Skip to content

fix(format): decode SBOMs encoded as UTF-16 or with a UTF-8 BOM#4919

Open
Dashtid wants to merge 1 commit into
anchore:mainfrom
Dashtid:fix/sbom-input-bom-utf16-encoding
Open

fix(format): decode SBOMs encoded as UTF-16 or with a UTF-8 BOM#4919
Dashtid wants to merge 1 commit into
anchore:mainfrom
Dashtid:fix/sbom-input-bom-utf16-encoding

Conversation

@Dashtid

@Dashtid Dashtid commented May 14, 2026

Copy link
Copy Markdown
Contributor

Fixes #4916.

Problem

Running syft.exe scan dir:X -o json > sbom.json from PowerShell on Windows produces an SBOM file encoded as UTF-16LE (the OS-level default for PowerShell's > operator). grype sbom:sbom.json and syft convert sbom.json -o ... then fail with unable to decode sbom: sbom format not recognized, because the per-format Identify methods only recognize UTF-8 byte sequences. Verified on current versions (grype v0.112.0, syft main):

Input encoding First bytes format.Identify result
UTF-8 (no BOM) 7b 22 61 ... ({"a...) syft-json v16.1.3
UTF-16LE BOM ff fe 7b 00 22 00 61 00 ... rejected → format not recognized

Same SBOM content, only the on-disk encoding differs.

Fix

Detect a leading UTF-8 BOM (EF BB BF), UTF-16LE BOM (FF FE), or UTF-16BE BOM (FE FF) at SeekableReader — the single funnel DecoderCollection.{Decode,Identify} use for every SBOM input — and transcode the content to UTF-8 via golang.org/x/text/encoding/unicode.BOMOverride before per-format identification.

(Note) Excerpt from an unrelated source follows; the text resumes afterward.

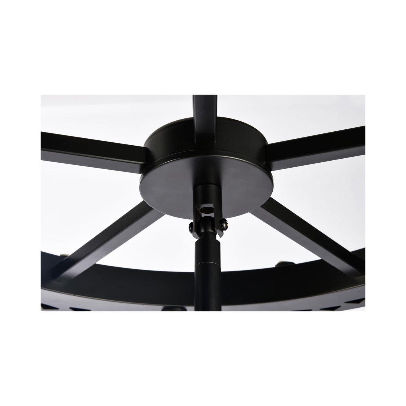 With dimensions of 36 x 36 x 110.5 inches, this chandelier not only serves as a functional lighting solution but also as a statement piece that enhances your home's aesthetic. The sleek black finish complements any decor style, making it an ideal choice for dining areas, living rooms, or entryways. The included rods (one six-inch, two twelve-inch, one sixteen-inch, and one 24-inch) provide flexibility in installation, allowing you to achieve the perfect height and arrangement.

The peek-and-branch shape preserves the existing fast path for io.ReadSeeker inputs (and its offset-aware contract for JSONL-style multi-document readers) when no BOM is present; we only buffer when transcoding is required.

Scope is limited to BOM-marked encodings — UTF-8, UTF-16LE, UTF-16BE — per @willmurphyscode's confirmation on #4916. No heuristic detection of unmarked Windows-1252 etc. (too easy to misclassify legitimate binary content).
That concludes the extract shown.